**Task instructions**:
Output, exactly as written, the lines below starting at the line containing "主因別にみると、「販売不振」" and ending at the line containing "中石油、中石化在重要农时一地". Drop the pictures and keep both end lines.

**Excerpted records**:
------------------------------------------------------------

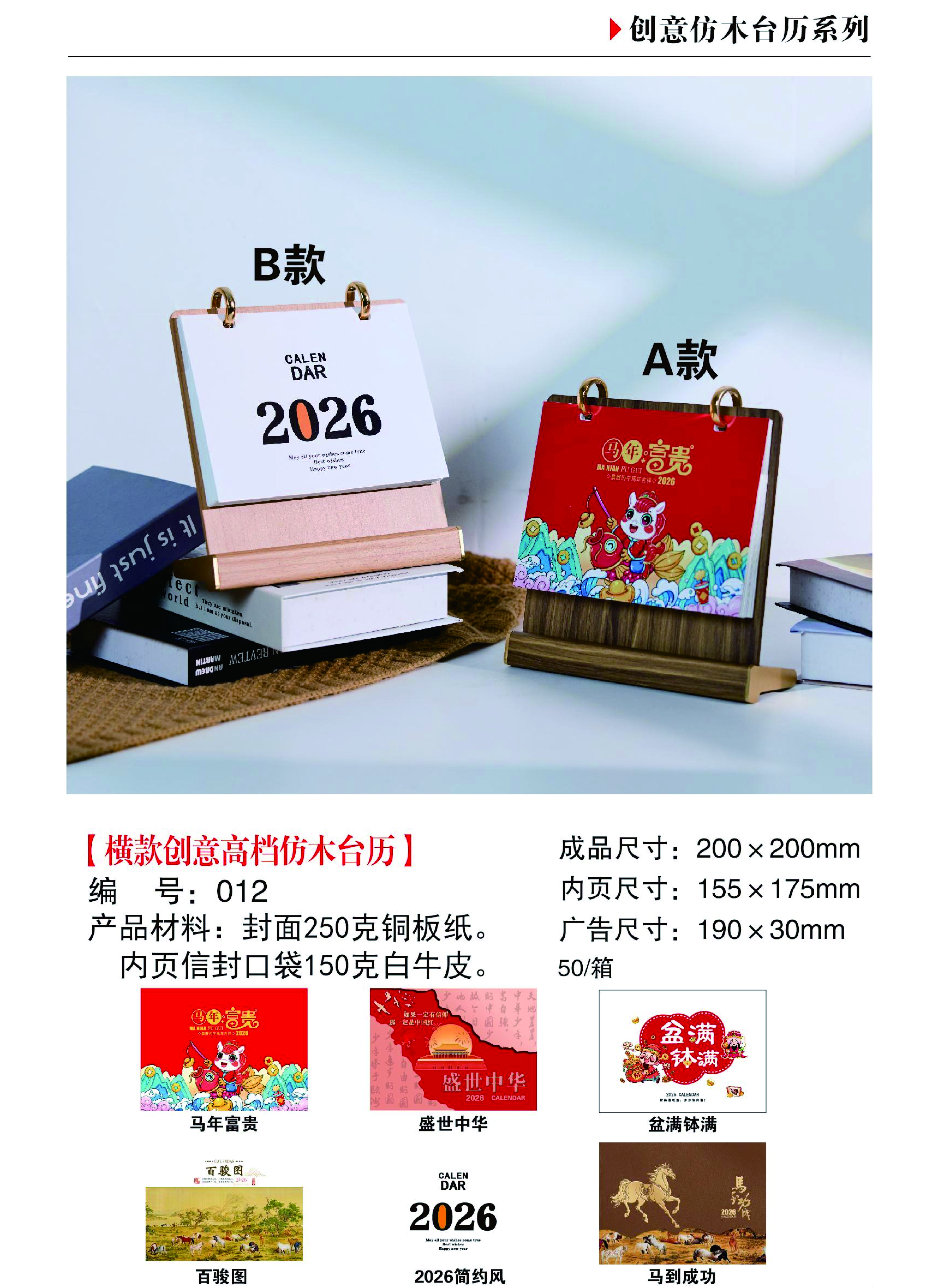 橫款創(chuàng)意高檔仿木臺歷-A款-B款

------------------------------------------------------------

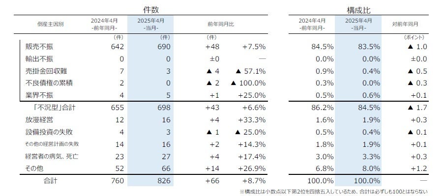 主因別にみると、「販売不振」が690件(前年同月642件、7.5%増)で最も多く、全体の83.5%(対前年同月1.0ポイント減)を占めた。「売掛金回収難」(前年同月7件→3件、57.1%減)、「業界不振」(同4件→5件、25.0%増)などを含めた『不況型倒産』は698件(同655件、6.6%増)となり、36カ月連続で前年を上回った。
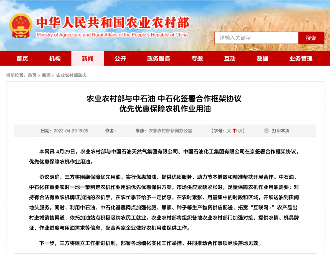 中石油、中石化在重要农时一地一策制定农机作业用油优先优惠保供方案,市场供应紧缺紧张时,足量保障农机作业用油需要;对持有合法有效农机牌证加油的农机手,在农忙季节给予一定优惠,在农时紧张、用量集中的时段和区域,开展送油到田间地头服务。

------------------------------------------------------------

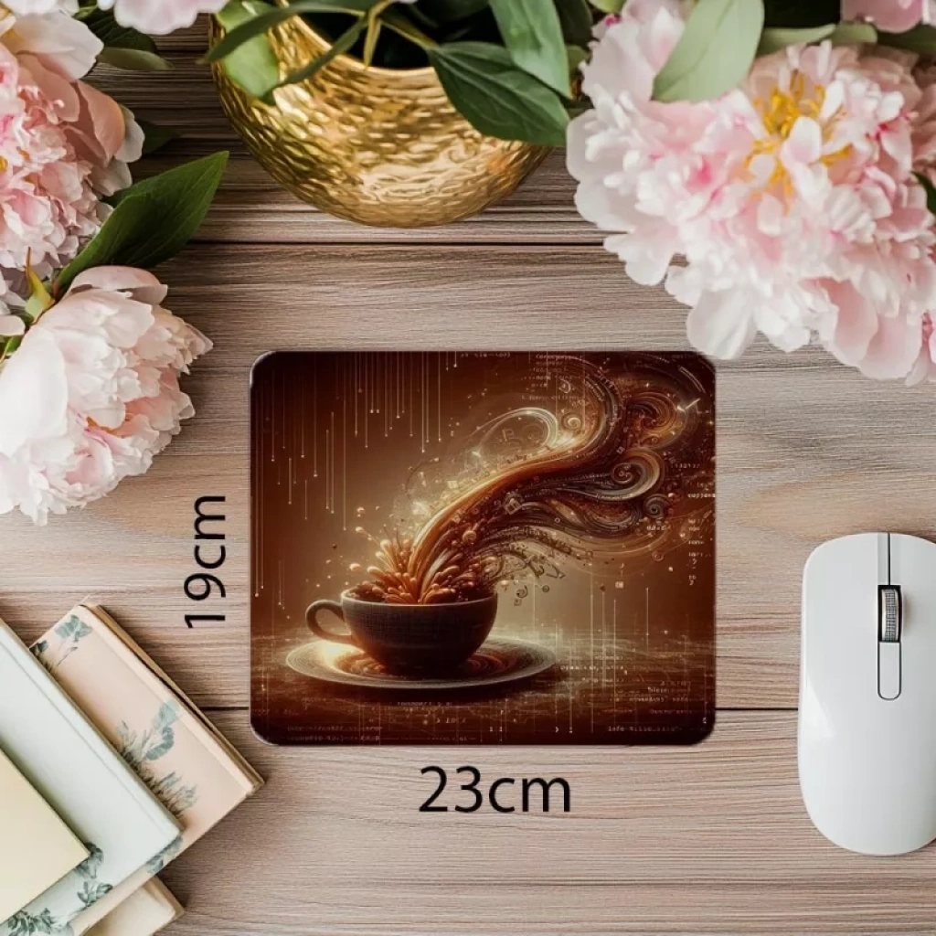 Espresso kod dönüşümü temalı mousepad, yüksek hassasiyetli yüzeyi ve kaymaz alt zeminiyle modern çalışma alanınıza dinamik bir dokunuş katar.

------------------------------------------------------------

**Solution to this task**:
 主因別にみると、「販売不振」が690件(前年同月642件、7.5%増)で最も多く、全体の83.5%(対前年同月1.0ポイント減)を占めた。「売掛金回収難」(前年同月7件→3件、57.1%減)、「業界不振」(同4件→5件、25.0%増)などを含めた『不況型倒産』は698件(同655件、6.6%増)となり、36カ月連続で前年を上回った。
 中石油、中石化在重要农时一地一策制定农机作业用油优先优惠保供方案,市场供应紧缺紧张时,足量保障农机作业用油需要;对持有合法有效农机牌证加油的农机手,在农忙季节给予一定优惠,在农时紧张、用量集中的时段和区域,开展送油到田间地头服务。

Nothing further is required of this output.